**Exercise prompt**
After locating the line with "2001年北京军区派人参加爱", repeat it and every following line to the end of the listing, exactly. Omit the pictures.

━━━ Data supplied ━━━

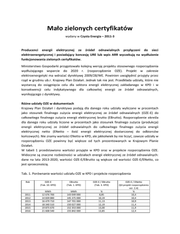 Mało zielonych certyfikatów wydany w Czysta Energia – 2011-3 Producenci energii elektrycznej ze źródeł odnawialnych przyłączeni do sieci elektroenergetycznej i posiadający koncesję URE lub wpis ARR wyczekują na wydłużenie funkcjonowania zielonych certyfikatów. Ministerstwo Gospodarki przygotowało kolejną wersję projektu stosownego rozporządzenia wydłużającego wsparcie do 2020 r. (rozporządzenie OZE). Projekt w zakresie elektroenergetyki ma wdrażać dyrektywę 2009/28/WE. Powinien uwzględnić przyjęty przez rząd w grudniu ub.r. Krajowy Plan Działań. Jednak tak nie jest. Przedkłada udziały, które nie wystarczą do osiągnięcia celu dla sektora energii elektrycznej zakładanego w KPD i w konsekwencji celu indykatywnego dla całkowitej energii ze źródeł odnawialnych, wynikającego z dyrektywy. Różne udziały OZE w dokumentach Krajowy Plan Działań i dyrektywa podają dla danego roku udziały wyliczane w procentach jako stosunek finalnego zużycia energii elektrycznej ze źródeł odnawialnych (OZE-E) do całkowitego finalnego zużycia energii elektrycznej brutto (EBrutto). Rozporządzenie określa dla danego roku udziały liczone w procentach jako stosunek finalnego zużycia (produkcja) energii elektrycznej ze źródeł odnawialnych do całkowitego finalnego zużycia energii elektrycznej netto (ENetto – ilość energii elektrycznej dostarczonej do odbiorców końcowych). Nie znamy wartości ENetto w KPD, ale jakkolwiek by nie liczyć, zawsze udziały w rozporządzeniu OZE powinny być większe od tych prezentowanych w Krajowym Planie Działań. W tabeli 1 przedstawiono wartości przyjęte w KPD oraz w projekcie rozporządzenia OZE. Widoczne są znaczne rozbieżności w udziałach energii elektrycznej ze źródeł odnawialnych: dane na lata 2013-2020, wartości OZE-E/EBrutto są większe od wartości OZE-E/ENetto, co jest sprzecznością. Tab. 1. Porównanie wartości udziału OZE w KPD i projekcie rozporządzenia Rok 2011 2012 2013 2014 2015 2016 OZE-E (Tab. 10. KPD) EBrutto (Tab. 1. KPD) OZE-E / EBrutto (Tab. 3. KPD) MWh 12 676 700 14 839 880 16 479 710 18 340 510 19 875 670 21 608 540 MWh 143 049 000 145 375 000 147 701 000 150 027 000 152 353 000 155 842 000 % 8,85 10,19 11,13 12,19 13,00 13,85 OZE-E / ENetto (§3 projekt rozporządzenia ver. 2.4) % 10,4 10,4 10,9 11,4 11,9 12,4 Rok OZE-E (Tab. 10. KPD) EBrutto (Tab. 1. KPD) OZE-E / EBrutto (Tab. 3. KPD) 2017 2018 2019 2020 23 376 300 25 411 550 27 830 590 32 401 180 159 331 000 162 820 000 166 309 000 169 798 000 14,68 15,64 16,78 19,13 OZE-E / ENetto (§3 projekt rozporządzenia ver. 2.4) 12,9 13,4 13,9 14,4 Propozycja korekty udziałów OZE Aby właściwie określić udziały w projekcie rozporządzenia OZE należy podać finalne zużycie energii elektrycznej netto (ENetto), a wartości OZE-E przyjąć z KPD. W ubiegłym roku Ministerstwo Gospodarki przedłożyło do konsultacji społecznych projekt innego rozporządzenia, które określało obowiązki dla świadectw pochodzenia z kogeneracji, zwane dalej projektem rozporządzenia CHP (wersja z 30 lipca 2010 r.). Określa ono obowiązki dla certyfikatów tzw. czerwonych, żółtych i fioletowych. Dla tych ostatnich do 2018 r. W uzasadnieniu do projektu rozporządzenia CHP przedłożono finalne zużycie energii elektrycznej netto na lata 2010-2018 (ENetto). Na tej podstawie w tabeli 2 wyznaczono właściwe wartości udziałów do przedstawienia w rozporządzeniu OZE. Tab. 2. Właściwe udziały OZE, jakie powinny znaleźć się w rozporządzeniu Rok 2011 2012 2013 2014 2015 2016 2017 2018 2019 2020 ENetto (str. 31 uzasadnienie do projektu rozporządzenia CHP) MWh 106 720 000 108 840 000 110 960 000 113 080 000 115 200 000 118 320 000 121 440 000 124 560 000 brak danych brak danych OZE-E/ENetto wartości właściwe dla §3 projektu rozporządzenia OZE % 11,9 13,6 14,9 16,2 17,3 18,3 19,2 20,4 --- Przyjmując tendencję stałego wzrostu ENetto, można wyliczyć, że wartości ENetto w latach 2019 i 2020 wyniosą odpowiednio: 127 680 000 MWh (2019 r.) i 130 800 000 MWh (2020 r.), z czego otrzymamy żądane wartości obowiązków na lata 2019 i 2020 w projekcie rozporządzenia OZE: 21,8% w 2019 r. i 24,8% w 2020 r. Wypełnienie przedkładanych obowiązków w rozporządzeniu OZE może przybliżyć Polskę do wypełnienia celów dyrektywy. Do pełniejszej implementacji dyrektywy potrzebne jest zagwarantowanie wsparcia inwestycjom oddawanym do użytku, których pełna amortyzacja przypada także po 2020 r. W celu uzyskania stabilności systemów wsparcia powinny one funkcjonować przez okres co najmniej 15 lat dla każdej inwestycji oddzielnie po oddaniu do użytku. Dlatego należy przyspieszyć prace nad ustawą o odnawialnych źródłach energii, która zmodernizuje system wsparcia dla wszystkich jej sektorów. PIGEO apeluje, aby rząd pilnie podjął działania zachęcające inwestorów do realizacji projektów OZE, by nie stało się tak jak w przypadku dyrektywy 2001/77/WE, której celu na 2010 r. Polska nie wypełniła. Priorytetem powinna być efektywność energetyczna, bo rozliczenie dotyczy nie liczby mocy wytwórczych, tylko ilości wyprodukowanej i zużytej energii ze źródeł odnawialnych. Michał Ćwil, Dyrektor PIGEO
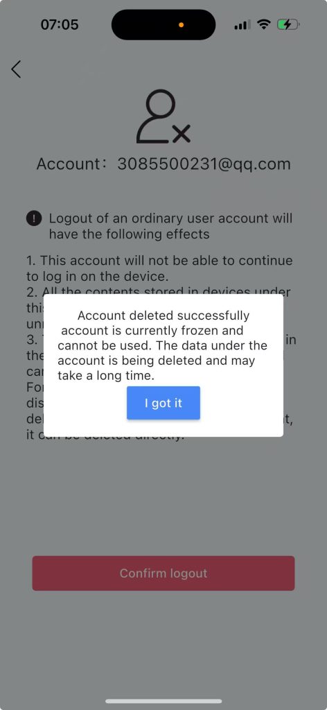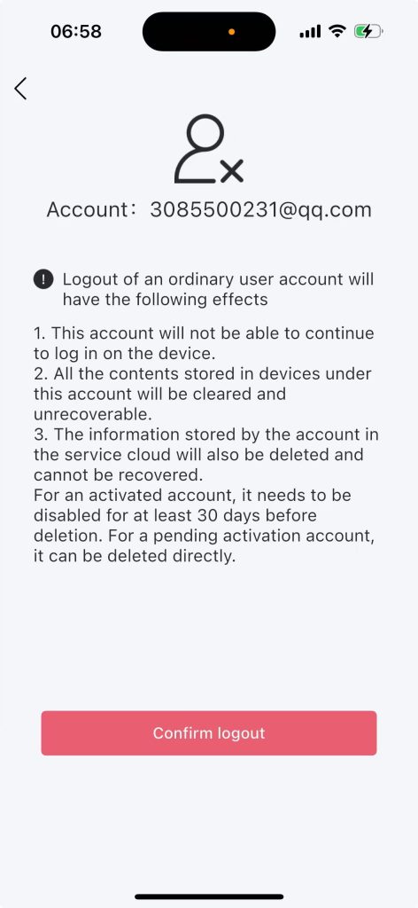 3. All information associated with this account stored in the cloud service will also be permanently deleted and is irrecoverable.
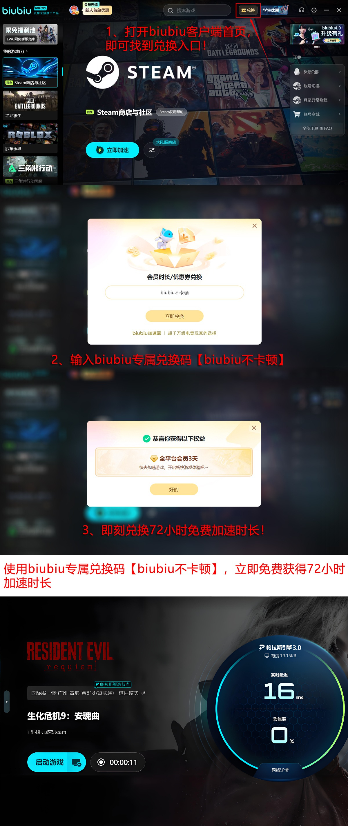 新用户注册biubiu加速I器即可获赠24小时免费加速时长;叠加输入兑换码【biubiu不卡顿】还可额外领取72小时,总计96小时免费权益,足以支撑从发售当日至全流程通关的稳定网络需求。
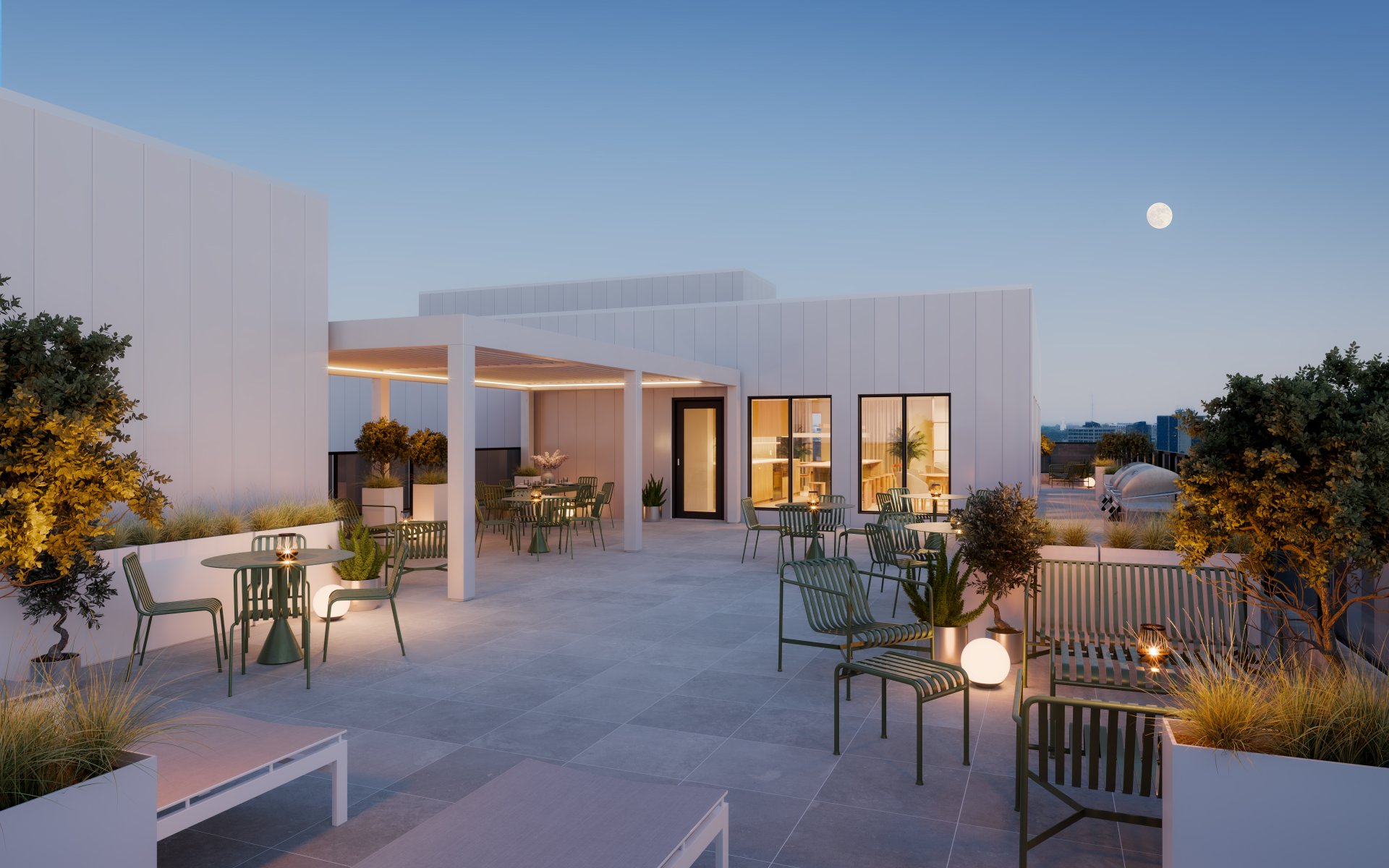 Réfrigérateur, cuisinière, micro-ondes, lave-vaisselle, laveuse, sécheuse, chauffage, eau chaude, électricité, internet, air climatisé central, tringles à rideaux, luminaires, gym, terrasse sur le toit.
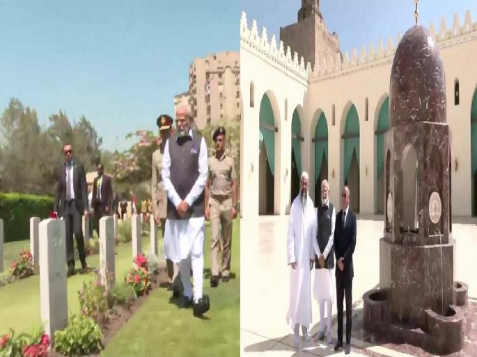 शहिदांना वाहिली श्रद्धांजलीयानंतर पंतप्रधान मोदींनी हेलिओपोलिस कॉमनवेल्थ वॉर ग्रेव्ह येथील युद्ध स्मारकाला भेट दिली आणि पहिल्या महायुद्धात बलिदान देणाऱ्या भारतीय जवानांना श्रद्धांजली वाहिली. पहिल्या महायुद्धात इजिप्त आणि पॅलेस्टाईनमध्ये शहीद झालेल्या 4000 भारतीय सैनिकांचे स्मारक म्हणून हे स्मारक ओळखले जाते.
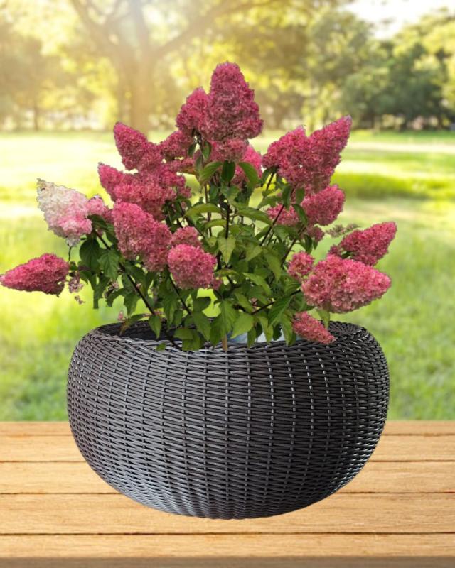 Кашпо подходит для различных видов растений, благодаря своему большому объему и широкой диаметру. Высаживать в такое кашпо можно как цветы и кустарники, так и различные хвойники с поверхностной корневой системой. Для деревьев со стержневой корневой системой больше подходит Клумба из ротанга 80л от Мастерской INDIVITO
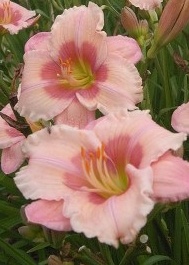 Окраска: гофрированные лепестки светло-розового цвета в центре становятся более насыщенными. Горло цветка — характерное жёлтое.
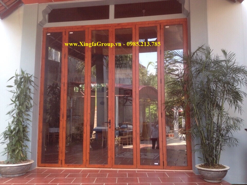 Mẫu thiết kế cửa đi mở xếp trượt gấp 6 cánh nhôm Zhongkai nhập khẩu mầu vân gỗ
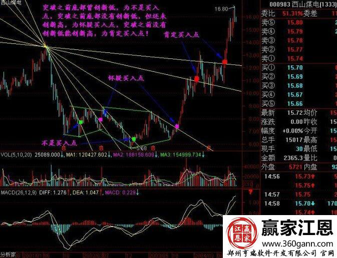 如果股價在突破扇骨線的時候,前面的底部沒有創出新低,但是前面的高點創出了新高,那么這個點位就是肯定買入點,因為從趨勢上進行分析,股價已經止跌,并創出了新高,上升趨勢已經形成,比較適合激進的投資者與穩健型投資者進行追漲操作。
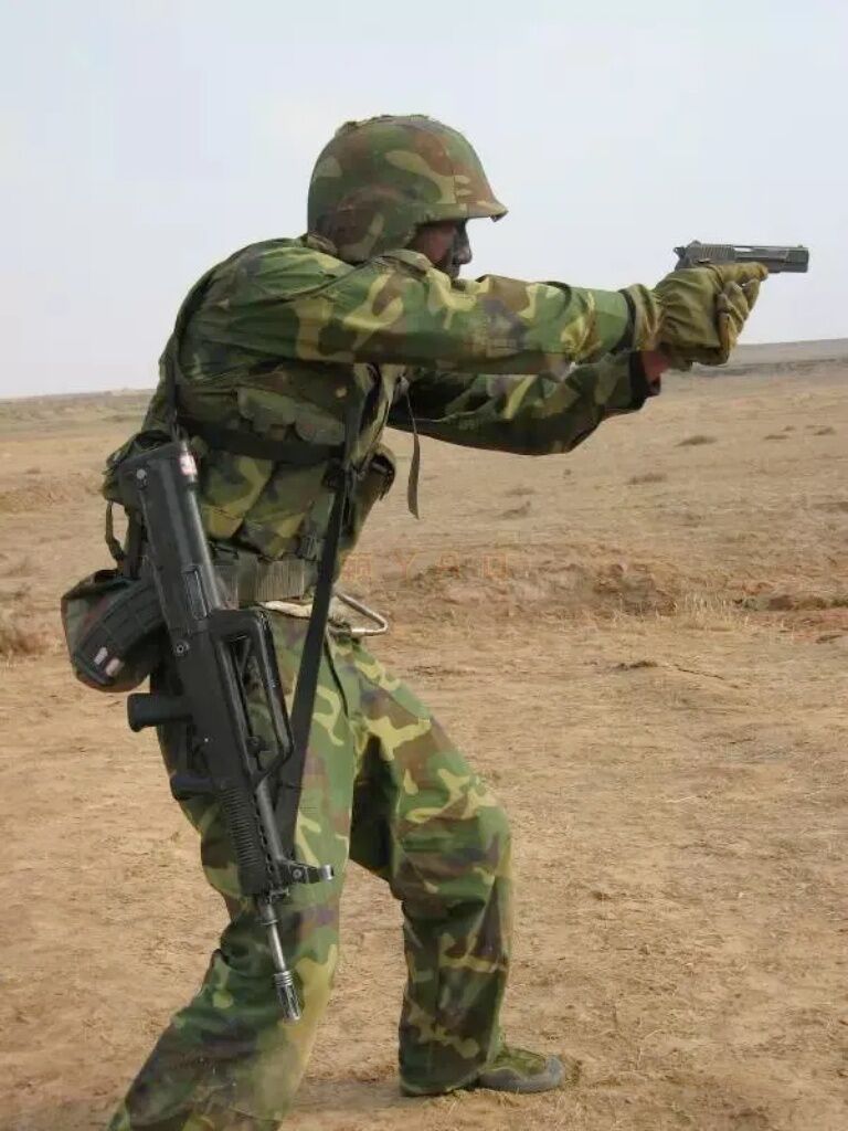 2001年北京军区派人参加爱尔纳·突击比赛时的照片,这一年是5.8mm步枪和92式9mm手枪初次参加此比赛。
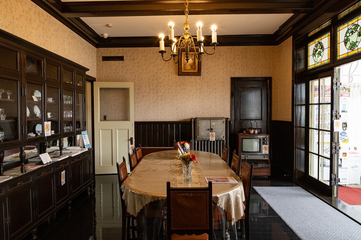 1階には、食堂やサンルーム、応接室があります。こちらは「食堂」。食器棚に、当時鳩山家で実際に使われていたという、「バカラ」などの高級な器が展示されています。

━━━

**Result for this exercise**
 2001年北京军区派人参加爱尔纳·突击比赛时的照片,这一年是5.8mm步枪和92式9mm手枪初次参加此比赛。
 1階には、食堂やサンルーム、応接室があります。こちらは「食堂」。食器棚に、当時鳩山家で実際に使われていたという、「バカラ」などの高級な器が展示されています。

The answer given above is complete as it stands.